Addis Ababa — Africa's growth and economic development depends heavily on climate sensitive sectors and its natural resources, raising the need for the continent to enhance investments in Climate Information Services and stimulate uptake of CIS and use in economic development programs.

This was said by Mr. James Murombedzi, Officer in Charge of the Economic Commission for Africa's African Climate Policy Center (ACPC), in a presentation at a day-long workshop held Friday in Addis Ababa to mark Climate Information Services Day.

In the presentation titled; Enhancing the Uptake and Use of CIS in Development Policy, Planning and Practice: Strengthening Linkages Between Production and Uptake, Mr. Murombedzi said Africa should integrate climate considerations in development policy, planning and programs to achieve its development objectives.

He said it was important for the continent to create an enabling environment for CIS uptake because there is a great need for strong intellectual leadership in climate science-practice-policy on the continent, advisory services, technical assistance and human and institutional capacities.

Mr. Murombedzi said there's also a great need in Africa for convening spaces for science, policy and practice dialogue; generation, management and customization of climate data and associated knowledge products to effectively communicate climate solutions to key constituencies for climate-smart development.

He said currently there's low uptake of CIS on the continent because policy and legislative environments do not provide sufficient incentives for the uptake and use of CIS and there's limited capacity in the CI and CIS sector in Africa.

The proliferation of initiatives and small scale projects with very limited coordination; absence of a collaborative partnership framework for service delivery; limited strategic knowledge management and communication approaches and absence of coordinated and integrated monitoring, evaluation and learning approaches, are also to blame for the low uptake of CIS.

Mr.
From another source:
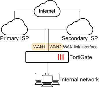 Dual internet connections, also referred to as dual WAN or redundant internet connections, refers to using two FortiGate interfaces to connect to the Internet. This is generally accomplished with SD-WAN, but this legacy solution provides the means to configure dual WAN without using SD-WAN. You can use dual internet connections in several ways:

Murombedzi said linkages between CIS production and uptake can be strengthened through an enabling environment for the uptake and investments in CIS by focusing on a number of things, including developing human and institutional capacity on the continent; facilitating CIS coordination, and partnerships for service delivery and data sharing; developing strategic frameworks and approaches for knowledge management, communication and dissemination of products.

Linkages can also be strengthened by promoting intellectual leadership and frontier climate research for development (CR4D) and through an integrated approach for co-designing, co-producing, co-communicating climate services, he said.

The main objective of the workshop is to allow participants to discuss ways of enhancing the uptake and use of CIS, building on concrete cases and experiences of utilization of CIS in development, planning, policy and practice in Africa.